Their alternative, Direct Dynamic Retargeting or DDR, skips the kinematic intermediate entirely. Instead, they formulate the problem in task space and use sampling-based model predictive control within a physics simulator to generate trajectories directly from expert videos. The key insight is that the geometric projection step, while computationally convenient, is not actually necessary if you have sufficient compute for direct optimization. This is, actually, the research shows a meaningful improvement in demonstration tracking accuracy over baselines that use geometric retargeting. More importantly for practical applications, the authors find that providing these physically viable references to reinforcement learning agents accelerates training convergence.
I should note a methodology concern here: the paper promises source code will be made publicly available, but it is not available yet. Until independent replication happens, the results remain preliminary. The sample size of tested motions and the specific choice of baselines also deserve scrutiny. Still, the conceptual contribution (that geometric retargeting is a bottleneck we can potentially eliminate) seems sound.
The third paper in this cluster, ParkourFormer, addresses a different aspect of humanoid control: how do you handle rapidly changing terrain? Parkour is an interesting test case because it requires the robot to anticipate contact transitions and plan through dynamic maneuvers that standard reactive policies struggle with. The authors' argument is that existing reinforcement learning policies are too reactive, mapping observations directly to actions without explicitly modeling future body states.
ParkourFormer uses a Transformer architecture with a twist: a lightweight prediction head forecasts short-horizon future proprioceptive states, and these predictions are fused with temporal features to generate actions. The robot is, in effect, trained to imagine where its body will be in the near future and to condition its current actions on that prediction. The reported results are impressive: 93.85% average traversal success rate across a diverse terrain benchmark, with improvements of up to 42.73% over MLP and vanilla Transformer baselines. The model maintains a single unified policy across all terrain types, which is notable because many prior approaches require terrain-specific policies.
I know I am being picky here, but the 42.73% improvement figure deserves context. Improvements over baselines depend heavily on how strong the baselines are, and the paper compares against MLPs and vanilla Transformers rather than against the current state-of-the-art in terrain-adaptive locomotion. The real-robot experiments are encouraging but limited. Still, the core idea (that explicit future-state prediction helps with agile locomotion) is intuitive and the architectural choices seem well-motivated.
The fourth paper, X-DiffVLA, tackles cross-embodiment transfer from a different angle. Rather than transferring low-level control policies, this work focuses on Vision-Language-Action models, the increasingly popular approach of using large pretrained vision-language models as the backbone for robot control. The problem the authors identify is that existing VLA models require embodiment-specific fine-tuning, which defeats much of the purpose of pretraining on diverse data.
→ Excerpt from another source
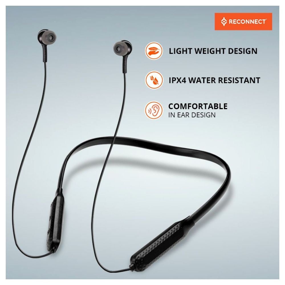 Reconnect Dank Neckband with IPx4, water resistance, 16Hrs Battery, Bluetooth v5.0, Multi point connection (Black) with 1 year warranty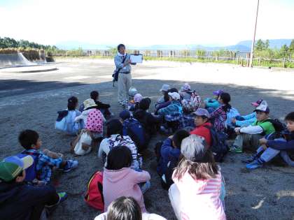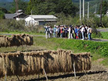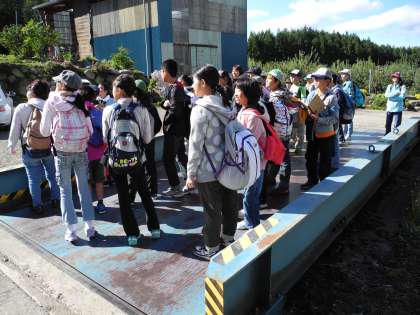 稲刈りの終わった田んぼの様子を見たり、トラック用の体重計にみんなで乗ってみたりしました。

X-DiffVLA introduces a diffusion-based action head with two key innovations. First, Embodiment Forcing uses classifier-free guidance to steer action generation toward embodiment-specific components without explicit supervision. Second, Morphological Tree Diffusion strengthens behavioral correlations across diverse end-effectors. The experiments span RoboCasa and Isaac Gym environments with embodiments ranging from grippers to dexterous hands, and the authors report improvements of 15.3% and 12.5% respectively over prior methods.
This is genuinely new territory. Most prior work on VLA models has focused on single-embodiment settings or has treated cross-embodiment transfer as a fine-tuning problem. The idea of learning a unified action head that can generate appropriate actions for different embodiments based on implicit conditioning is elegant. The real-world evaluations are limited (as they almost always are) but the simulation results suggest the approach has legs.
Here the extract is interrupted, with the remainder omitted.